Estaba hojeando las columnas cuando un anuncio en particular me llamó la atención. Decía: «Entre sus intereses se incluyen los deportes de motor...» Sentí una extraña sensación en el fondo.
¡Tenía que responder! Y así fue como Gaewyn entró en mi vida. Si les dijera que tiene unos ojos enormes, azul cielo y que mide poco más de metro y medio, probablemente no les parecería gran cosa por ahora en este punto de mi relato, pero estoy seguro de que entenderás la conexión con el tiempo.
Encontrar un lugar donde vivir fue más difícil de lo que había pensado, y justo entonces, como si se compadeciera de mí, mi coche decidió que también iba a pasar por una mala racha.
Los problemas ya habían empezado con el sistema de inyección de combustible incluso antes de terminar el viaje desde Rotorua. Tuve que solucionar ese problema rápidamente, pero durante las siguientes semanas aparecieron otros, principalmente con las juntas hidráulicas.
Arreglaba una, solo para que volviera a fallar. Soy bastante bueno con las reparaciones mecánicas en circunstancias normales, pero en ese momento de mi vida no necesitaba el tipo de problemas constantes que parecía generar el coche, así que decidí venderlo.
Resultó que este fue el primero de una larga serie de errores que cambiarían mi vida para siempre. Poco después de vender el coche, recibí una visita bastante misteriosa e inesperada de dos caballeros que afirmaban ser científicos del DSIR (Departamento de Investigación Científica e Industrial).
Estaban haciendo averiguaciones sobre el vehículo que acababa de vender. Entre otras cosas, querían saber dónde había estado el coche —y yo— últimamente; si había sufrido algún accidente con un poste de luz o haber estado bajo campos eléctricos de alto voltaje; y si se le había realizado alguna soldadura electrónica recientemente.

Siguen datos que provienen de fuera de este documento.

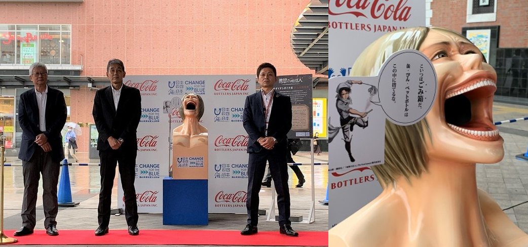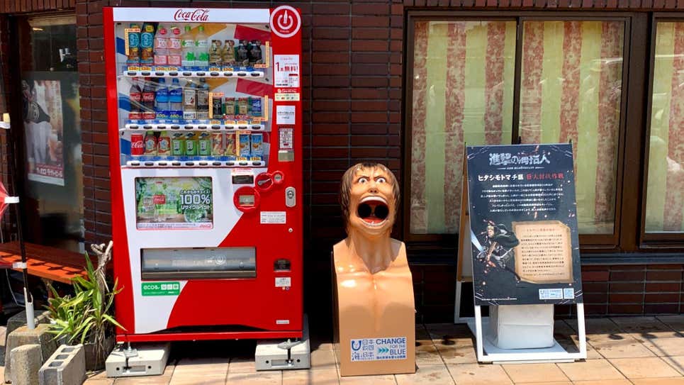 Bien por el planeta, mal por nuestras pesadillas. En una iniciativa entre Coca-Cola Japan y la ciudad de Oita, se instalaron varios basureros caracterizados como los hambrientos titanes del animé Shingeki No Kyojin, conocido también como Attack on Titan.
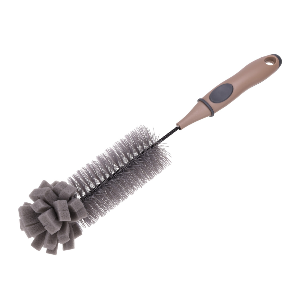 Praktyczna szczotka do butelek MOKKA została zaprojektowana z myślą o dokładnym czyszczeniu trudno dostępnych miejsc. Połączenie klasycznego włosia z końcówką gąbkową pozwala skutecznie usuwać zabrudzenia, jednocześnie nie rysując powierzchni.
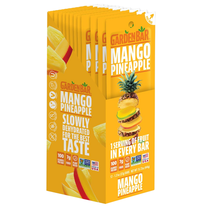 Mango Pineapple Garden Bars are a tropical delight bursting with sweet and tangy flavors. It combines the juicy essence of ripe mangoes with the refreshing zest of tropical pineapples, creating a delectable treat. Each bite offers a perfect balance of fruity goodness, tantalizing your taste buds with a tropical vacation in every mouthful. With its vibrant colors and irresistible taste, this snack is a delightful escape to paradise you can take anywhere.
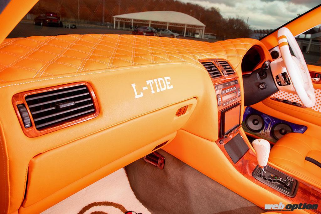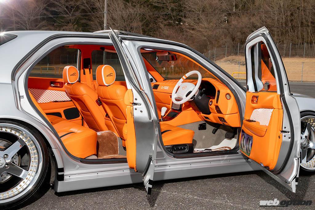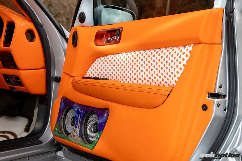 落ち着いた印象のエクステリアとは対照的に、インテリアは超ド派手な仕上がり。オーナーはメインカラーにオレンジを選んだ後、差し色となるホワイトは多くても3割程度になるように配慮。その比率を守るため、シートベルトなどの小物もオレンジカラーの製品に巻き直されている。
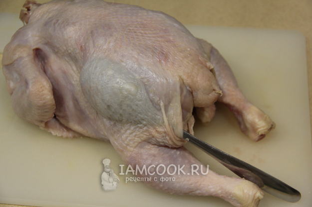 С помощью столовой ложки аккуратно отслоить кожицу от мяса в области грудки и бедер. Кожица не порвется, главное - двигать ложку не резко. В полости под кожей выложить пряное масло.
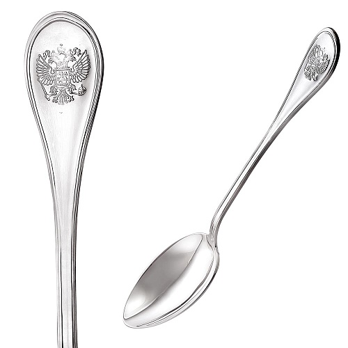 Аккуратная и удобная ложка выполнена из серебра 925°. На черенке ложки расположен двуглавый орел, который символизирует единство и суверенитет России.
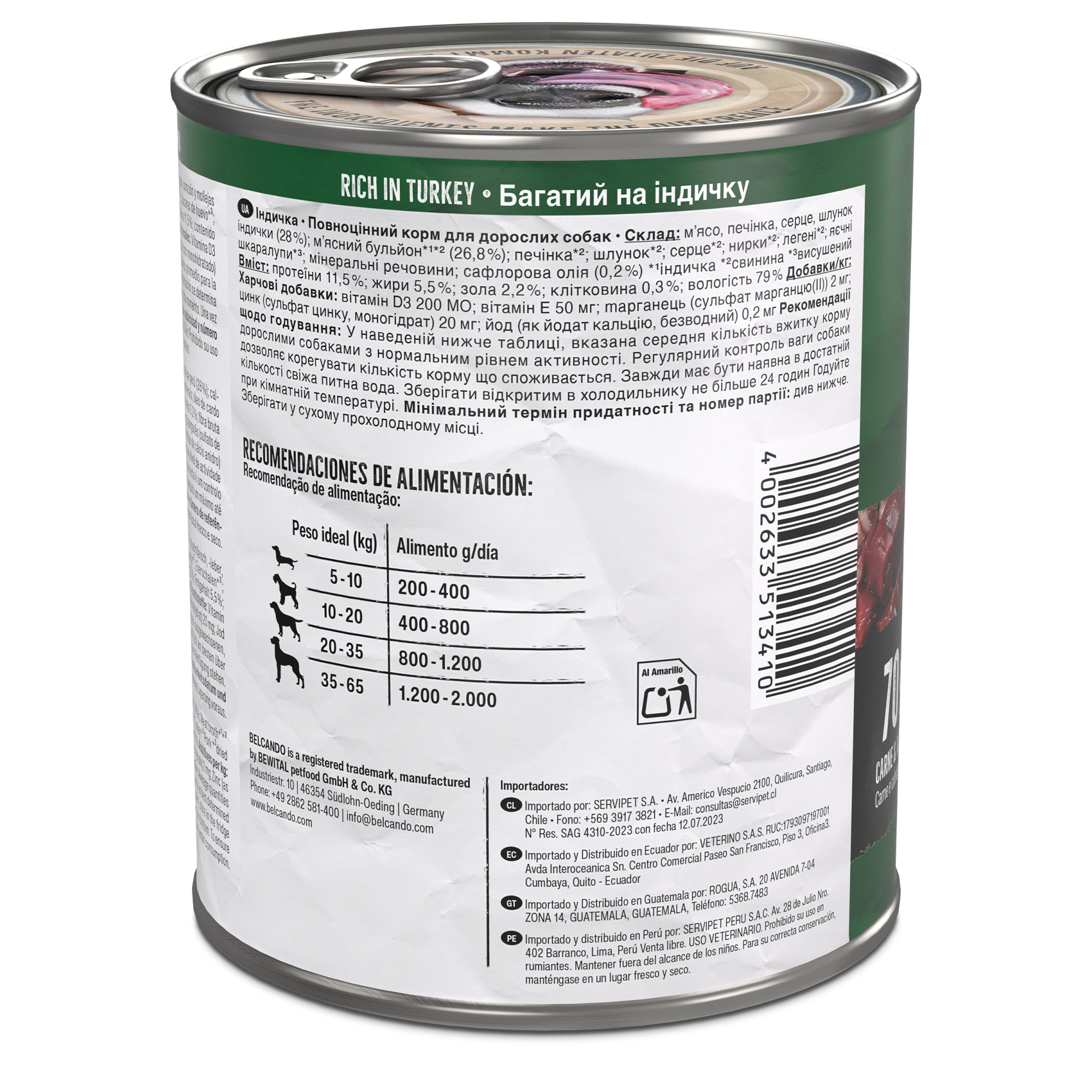 Composición Carne, hígado, corazón y mollejas de pavo (28 %); caldo de carne*¹*² (26,8 %); hígado*²; estómago*²; corazón*²; riñones*²; pulmón*²; cáscaras de huevo*³; minerales; aceite de cártamo (0,2 %) *¹pavo *²cerdo *³secado
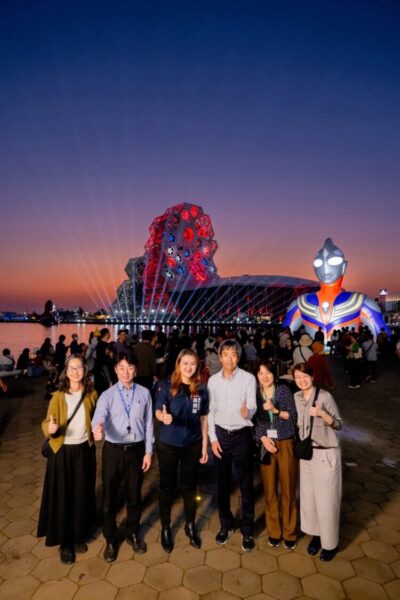 除觀賞15米初代超人水上裝置因愛河灣風勢而自然擺動的「魔性小手手」,分享台日兩國均有粉絲遊客自備白色湯匙演出超人的趣味現象與網路迷因;現場也同步展示觀光局最新開發之《高雄 GO!》官方觀光APP的多國語言AI導覽旅遊諮詢功能,以及與觀光大使「高雄熊」進行AR合照等數位互動。植原康浩副市長也體驗直接以日語詢問「愛河周邊美食」,在AI語音辨識後迅速呈現日語旅遊資訊,大讚高雄「超強!超厲害!」,表示高雄不僅具備山海河港的絕佳魅力,智慧觀光、科技旅遊的應用令人驚艷,更對國際觀光發展和外國遊客帶來極高的便利性與旅遊體驗。
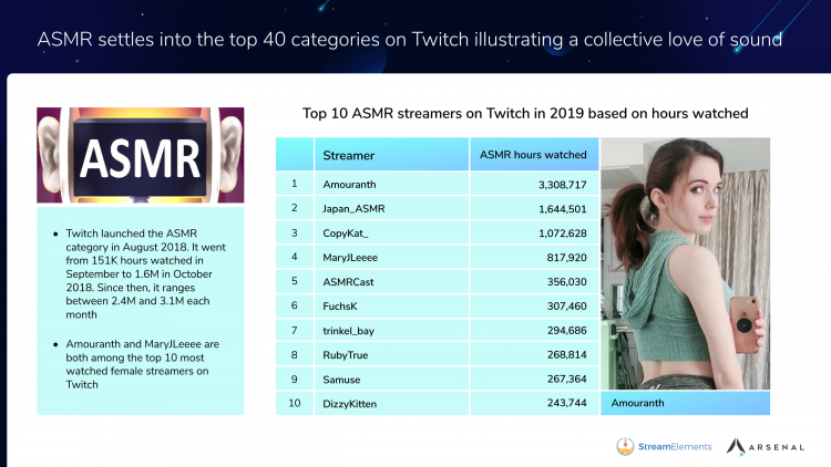 Хотя материалы АСМР (эффект так называемой автономной сенсорной меридиональной реакции) не настолько же популярны, как и «Просто разговоры», эта категория тоже достигла солидных успехов — ежемесячно просматривается от 2,4 млн до 3,1 млн часов соответствующего видео, а возглавляет список Amouranth.
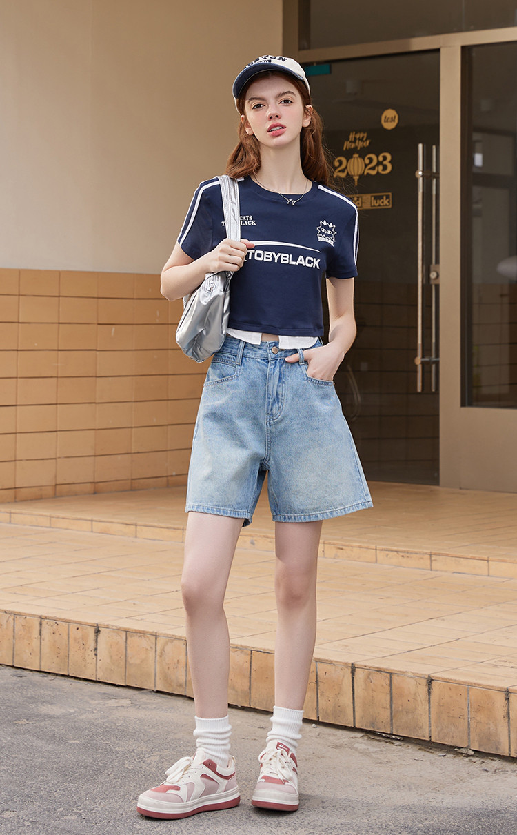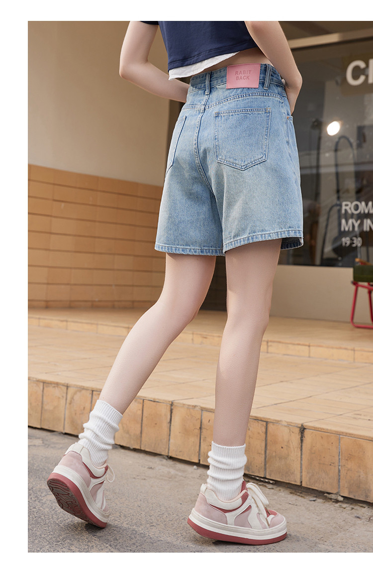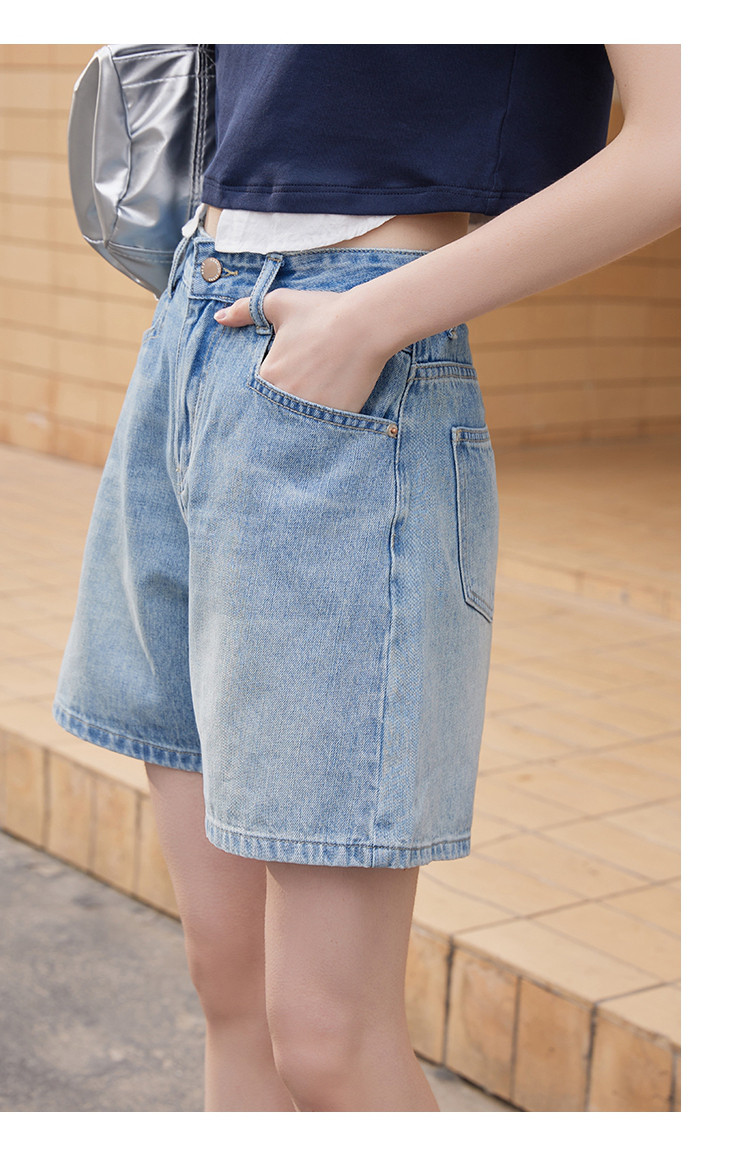 休闲直筒辣妹风百搭短裤夏季经典款高腰显腿长女式牛仔裤 728349
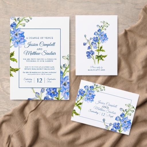 Schöne Delphinium Spikes gemalt blau botanische Kunst Aquarell Wechsel des Austragungsortes, Freiluft-Garten Hochzeit Einladung. Bearbeiten Sie diese Hochzeitseinladung mit Ihrem eigenen Namen, Veranstaltungsdetails, Wortlaut und Verlobung oder einem anderen Foto auf der Rückseite oder entfernen Sie das Foto und haben stattdessen nur ein Blumenmuster. Andere passende Hochzeitsartikel sind erhältlich. Einzigartiges Design und originelle Aquarellmalerei von Sarah Trett. www.sarahtrett.com für www.mylittleedenweddings.com
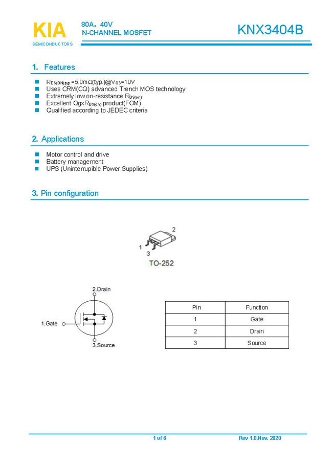 參數(shù): ID(A): 80 BVDSS(V): 40 RDS(ON): 5 Qg(nC): 47.5 Package: TO-252
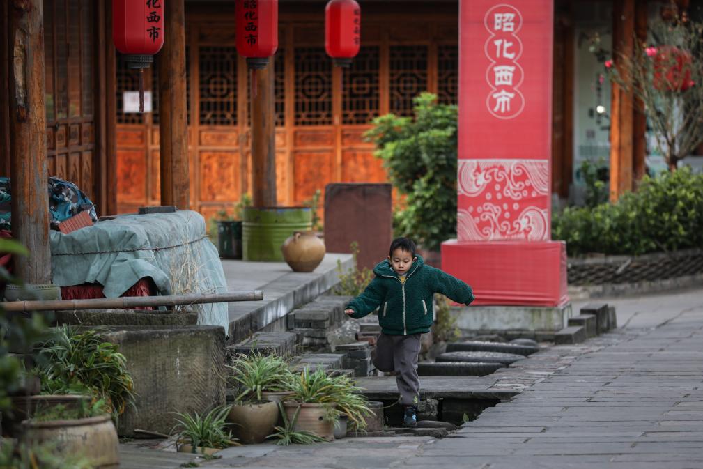 游客在昭化古城内拍照留影(2025年12月13日摄)。
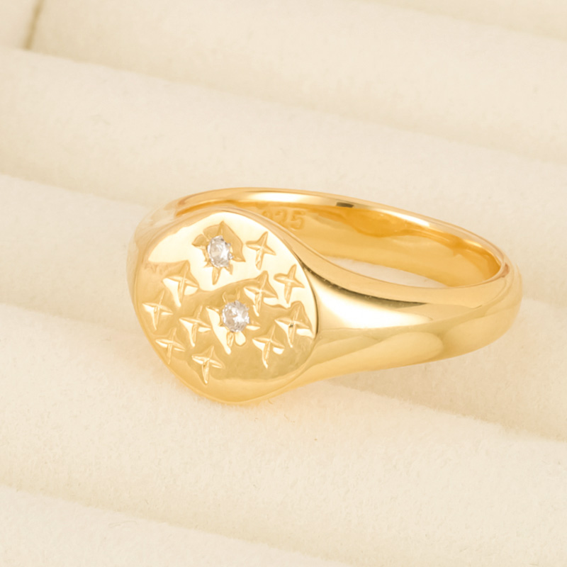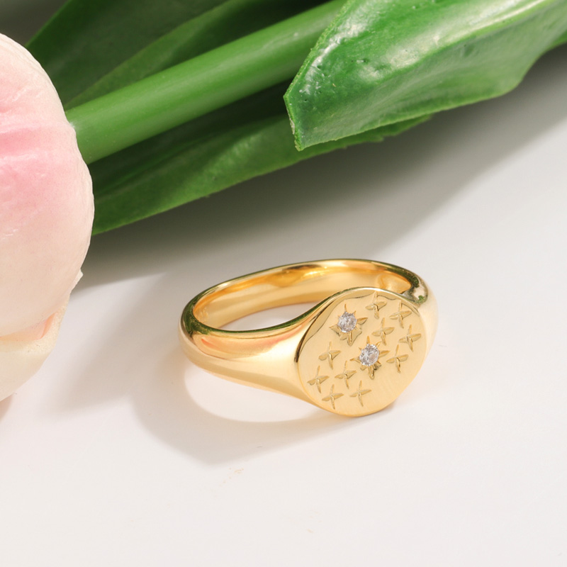 The star signet ring is crafted in high quality 100% real 925 sterling silver in gold plated, rhodium plated or gold vermeil in fine jewelry craft. They are durable and not tarnish.
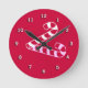 The clock face is red with white three dimensional numerals. In the center is a white striped candy cane with pink shadow. ***Part of a coordinated set - BKM1a.

Incluso querían saber si alguien había trabajado recientemente en el sistema de inyección de combustible. No paraban de preguntar. Decir que me sorprendieron sería quedarse corto, y solo pude responder que no a la mayoría de sus preguntas.
Cuando finalmente recuperé la compostura lo suficiente como para preguntar por qué querían saber todo eso, su respuesta fue, cuanto menos, vaga.
Un interesado les había pedido que lo investigaran, fue todo lo que me dijeron. Estos científicos del DSIR parecían muy ansiosos y bastante entusiasmados al principio.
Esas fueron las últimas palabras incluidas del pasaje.